Depuis des siècles, l’Occident considère l’Afrique, et plus particulièrement l’Afrique sub-saharienne, comme une source de matières premières et de main d’œuvre bon marché. Cela se traduit nécessairement par l’exportation de richesses hors du continent plutôt que par l’expansion de ce dernier. Quand il y a injection de richesses sous forme d’investissements, celle-ci résulte en de plus gros volumes de richesses à exporter. La période d’esclavage a entraîné l’exportation massive de main d’œuvre en tant que facteur de production virtuellement gratuit. Pour l’Afrique, ce fut-là une très grosse perte en capital humain qui a gravement nui à la capacité des communautés africaines à engendrer des richesses. En fait, l’enrichissement de l’Occident s’est fondé sur l’appauvrissement de l’Afrique. Le colonialisme a également cherché à s’enrichir en se procurant des matières premières minières et agricoles au coût le plus bas possible:
- En recourant à de la main d’œuvre locale bon marché pour produire ces matières premières
- En réservant les marchés africains pour les produits du pays colonisateur d’une manière aussi exclusive que possible
Il en a résulté un plus grand affaiblissement encore de la capacité des pays africains à développer leurs économies, qui devenaient ainsi de simples extensions des économies des métropoles. La destruction de la capacité productive des colonies africaines est la claire illustration du déclin de la production agricole intérieure, à l’exception des cultures de rapport. Par conséquent, de nombreux pays africains souffrent de pénuries alimentaires et sont devenus des importateurs nets de nourriture. La période post-coloniale n’a pas fondamentalement changé cette situation. En réalité, le détournement des ressources de la création de richesses s’est, d’une certaine manière, accéléré dans la période post-coloniale, étant donné qu’il fallait davantage de ressources pour financer la nouvelle machinerie d’état et pour répondre aux besoins sociaux pressants du peuple. Les conditions d’emploi dans le secteur public incitent les gens à abandonner tout particulièrement les activités agricoles pour trouver du travail dans les services urbains ou le secteur public. Il en a résulté le renforcement d’un cercle vicieux qui n’a fait qu’accentuer le rôle périphérique et de moins en moins important de l’Afrique dans l’économie mondiale.
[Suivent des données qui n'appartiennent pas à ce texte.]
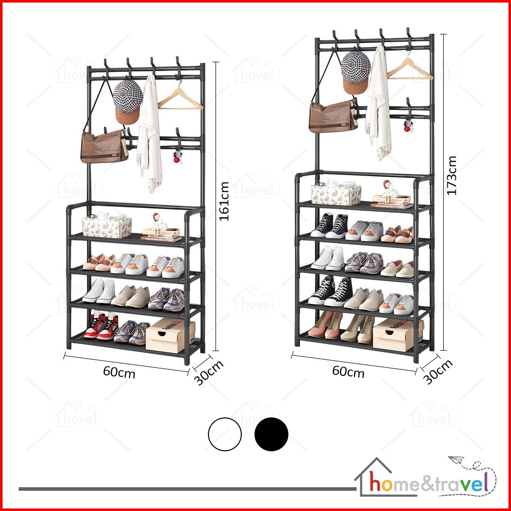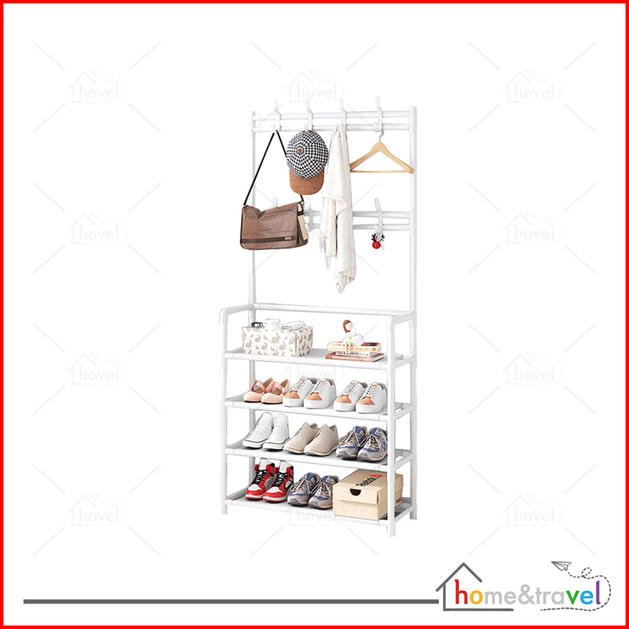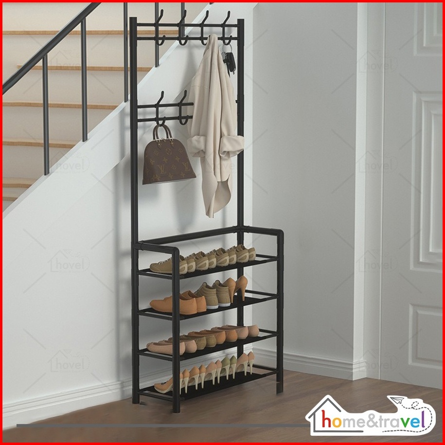 Hovelshop Rak Sepatu 4 5 Susun Standing Hanger Gantungan Topi Jaket 8 Kait Portable

Plus les africains jouaient le rôle de source de matières premières et de main d’œuvre bon marché, moins ils devenaient capables de briser le moule dans lequel ils étaient enfermés. Cela a aussi conforté une certaine image de l’Afrique, à savoir que:
- Le continent n’a d’autre rôle dans l’économie mondiale que celui de fournisseur de matières premières
- Rien n’exige que l’Afrique dût avoir accès à la technologie moderne et aux compétences humaines contemporaines
- Les problèmes socioéconomiques auxquels le continent fait face doivent être contenus en Afrique et réglés comme des problèmes de nature sociale
- Aucune contribution à la civilisation humaine ne peut être attendue de l’Afrique, à l’exception des arts plastiques et du spectacle et de l’habitat naturel
- Le continent n’a aucun rôle majeur à jouer dans le système de gouvernance mondial
En réalité, au fil des siècles, l’Afrique s’est définie, par nécessité, comme un continent marginalisé. Cette définition conduit à des actions qui ne font que marginaliser plus encore le continent.
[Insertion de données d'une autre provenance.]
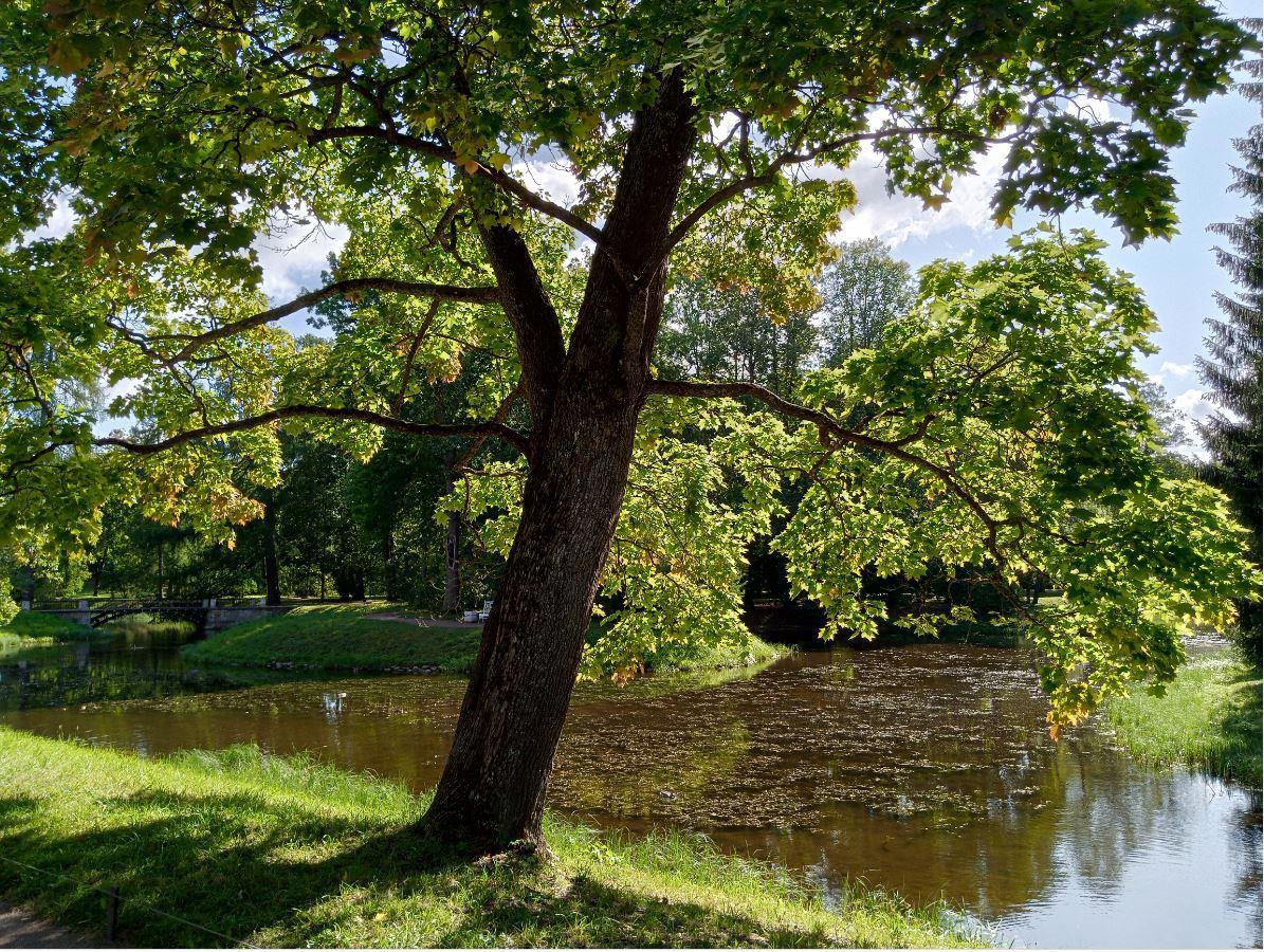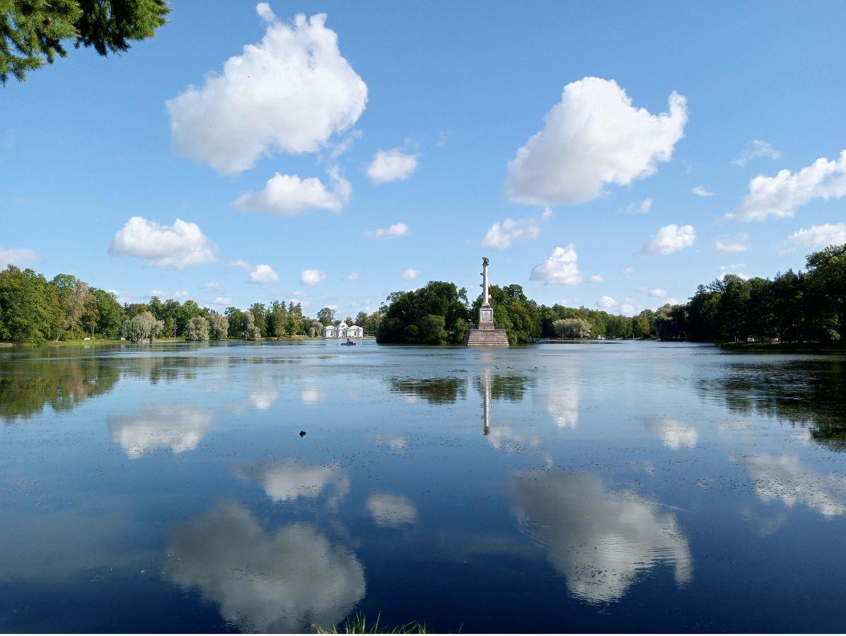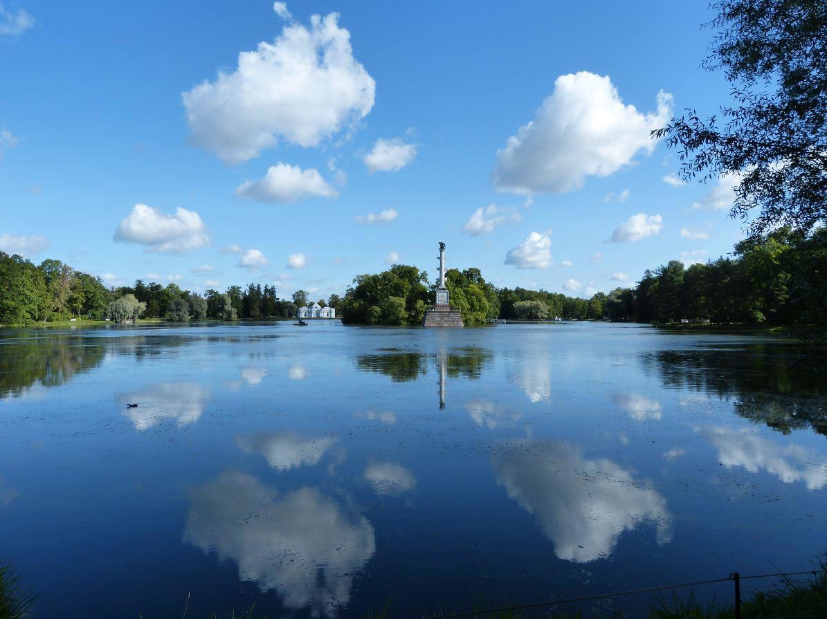 Большой пруд Екатерининского парка. Кучевые облака невероятно красиво отражались в спокойной воде.

Plus ce mécanisme de marginalisation fonctionne, plus il devient difficile de le renverser. Cette difficulté s’applique aussi à la production, par le continent lui-même, de ressources significatives lui permettant de renverser ce mécanisme. Il n’est donc pas étonnant, dans cette situation, que l’espoir des peuples africains pour un avenir meilleur se soit mis à dépendre de la magnanimité des autres. C’est ce qui change l’impuissance objective des peuples africains en une acceptation subjective par eux-mêmes de leur incapacité à se prendre en charge. C’est pourquoi ils deviennent de moins en moins capables d’être les acteurs conscients et déterminés à se libérer de la dépendance, de la pauvreté et du sous-développement. Pour mettre fin à cette tragédie humaine, il faut que les peuples africains parviennent à se convaincre qu’ils ne sont pas et ne doivent pas être les pupilles de tutelles bienveillantes, mais plutôt les instruments de leur propre destin et les acteurs de l’amélioration continue de leurs conditions de vie. Les peuples africains doivent avoir la conviction et c’est là chose essentielle, qu’en tant qu’africains, ils ont contribué aux progrès de la civilisation humaine et qu’ils ont encore une contribution unique et précieuse à faire.